Soledad Puértolas: «El fin»
por Mercedes Martín
Anagrama, 2015
Una pareja sale a pasear como siempre con su perro y no sabe que está a punto de desencadenarse una historia. Todo el misterio queda en el aire cuando la historia que daba comienzo, de repente, se disuelve y se va como ha venido: sin aviso. Como si tras los compases de una obertura que suena en el teatro, los músicos recogieran sus bártulos y desaparecieran tras el escenario. De esta forma, la pareja vuelve a casa y la mujer, todavía con la angustia del momento, de la “intuición del drama”, llama al hijo para contarle la anécdota, pero una vez que la cuenta, se queda en nada. El hijo por su parte apenas la escucha, ya que tiene su propio panorama en casa, su matrimonio probablemente se está disolviendo en el aire, pero no lo sabe todavía, tan solo lo intuye sin palabras, como un olor o como un dolor de estómago. Las historias de El fin comienzan y se desvanecen antes de llegar al nudo. Son como un pequeño remolino, unas nubes negras en el horizonte en verano: anuncian tormenta y, al final, la tormenta pasa en otra parte.
Así son nuestras vidas comunes y corrientes, las atraviesa a veces una corriente de misterio o de drama y, por un instante, estas vidas insignificantes parecen significar. ¿Cuántas veces hemos tratado de descifrar algo que está teniendo lugar ante nuestros propios ojos, algo que nos está sucediendo a nosotros? Pero la mayoría de la gente vive sin ponerlo en palabras.
El fin está compuesto por trece historias que lo son porque alguien las cuenta: Una mujer ve en el periódico la esquela de un antiguo compañero de clase que ha muerto y de repente rememora esa historia que apenas hubo entre ellos. Ya no la recordaba, tan poco significó para ella, pero ahora, desde la perspectiva del tiempo pasado que ya nunca volverá, ¿qué historia no se convierte en imprescindible? Un hombre regresa a casa un lunes de madrugada, sin prisa porque tiene todo el tiempo del mundo. De repente, en el portal encuentra a una mujer que parece haber sufrido el ataque de un desconocido. ¿No puede ser esta la ocasión de la aventura que espera su vida vacía? Pero no, no es nada, aun así, él se ofrece acompañarla a casa.
Imagine ahora usted que no sea eso. Que la intención de la autora no sea contar historias leves, como dice en una reseña que he leído: la levedad de lo inasible. La historia que pudo haber sido y no fue. Para mí que el drama decimonónico, por decirlo así, está sucediendo, ¿pero, dónde? En la casa del hijo, en el portal.
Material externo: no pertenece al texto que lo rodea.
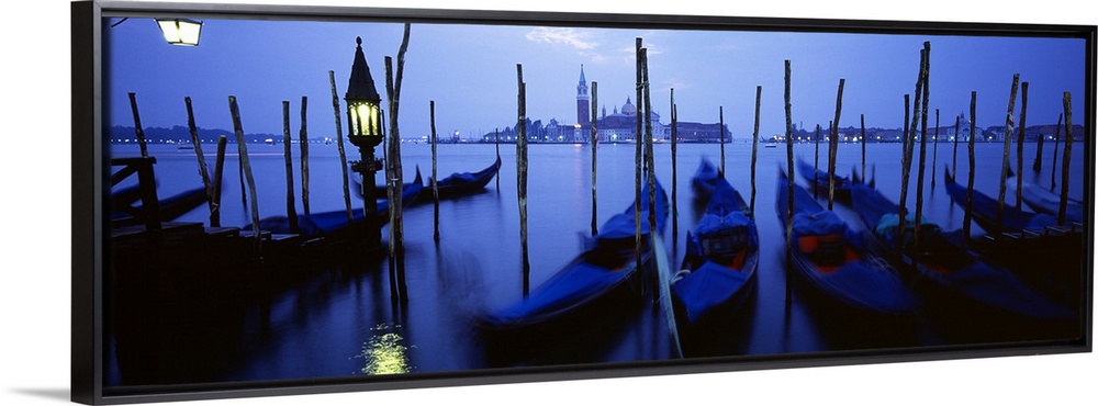 <p>Line of gondolas moored against posts in the evening lit only by a single lamp and moonlight.</p>

Veamos: ¿Qué hizo el hijo cuando colgó el teléfono tras oír el cuento “insustancial” con que le venía su madre achacosa? Se quedó en la penumbra de su soledad escuchando los ruidos de la casa que pronto –no sabe cuándo—se quedará vacía y en silencio. ¿Y qué hacía la mujer en el portal cuando la encontró el anodino protagonista de la historia que aparentemente se nos cuenta? Dijo que le dolía el estómago y al instante estaba bien… Mentía. Se inventa –a lo que parece—una excusa barata para no revelar la verdadera historia a un desconocido. ¿Y qué clase de vida lleva la mujer que ve la esquela de un antiguo amigo, que magnifica y transforma en un antiguo amor? ¿Por qué uno magnifica, reinventa, historias pasadas en las que nunca antes nos habíamos detenido? Puede imaginarse el lector que esta mujer ahora lleva una vida bastante vacía, que su madurez es insatisfactoria. He ahí el verdadero drama. Dramas de los que nadie se ocupa –la autora tampoco. Nosotros haremos lo que nos toca: imaginarlos.